■節子への挽歌389:見えないものを見る心遣い
このブログを読んでくださっている中に、私と同じように「愛する人」を見送った方がいます。そのお一人の米田さんはブログにコメントくださいました。
そのなかに、私と同じように、「主人を褒めていただく事が何と嬉しい事か」と書いてきてくださいました。
「お褒めのお言葉は何より嬉しく励まされます。

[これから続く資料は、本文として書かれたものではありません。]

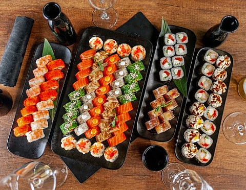 Ролл: Морской окунь темпура, японский омлет, грибы, соус Спайси, сливочный сыр, такуан, соус Терияки,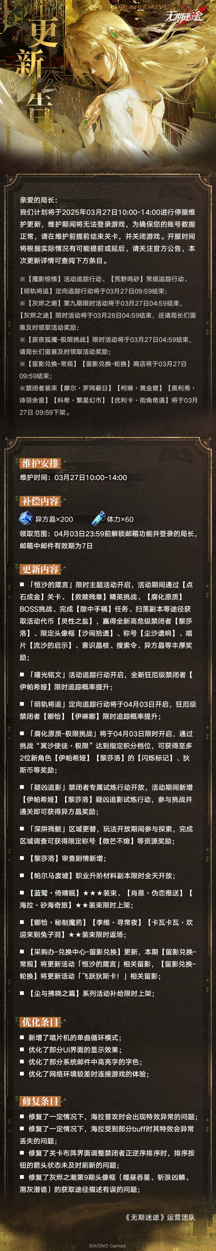 【公告】丨03月27日停服维护更新公告

そして、本当に真面目に真剣に生きた主人は、やはり家族の誇りです」と書いています。
とてもよくわかります。
米田さんもそうでしょうが、自分をほめられること以上に、うれしく元気づけられます。
でも多くの人は、目の前の、愛する人を失った人に目を向けます。
それは当然のことです。
たぶん私もそうしてきたし、これからもきっとそうでしょう。
目の前にいる人を気遣うのは、自然の心の動きです。
それはとてもうれしいことです。
にもかかわらず、当事者になって気づいたのは、自分への心遣いよりも、愛する人への心遣いがこれほどにうれしいことなのだということです。
もちろん、ただ愛する人への形式的なほめ言葉は、心には入ってきません。
そこがまた微妙なのですが、目の前にいる私を意識せずに、節子のことに言及されることがうれしいのです。
私を通して、私の中にいる節子を感じてくれ、思ってくれていることが伝わってくるからです。
亡くなった人は戻ってこないのだから、などといわれると、この人は私とは違う世界の人だと感じます。
その人は、私のためを思い、元気づけようといってくださっているのですから、感謝しなければいけないのですが、どうもそうはなりません。
お互いに不幸なことなのですが。
こうした経験をして気づいたのは、見えないものを見ることこそが、心遣いなのだということです。
障害のある人は「かわいそうに」と同情されることを好まないとよくいわれます。
私も体験的に、それを実感していますが、どこか通ずるものを感じます。
ケアとは、見えることへの心遣いだけではなく、
その奥にある見えないことを一緒に見ることなのかもしれません。
見えないものを見る心遣いに、もっと心がけようと思っています。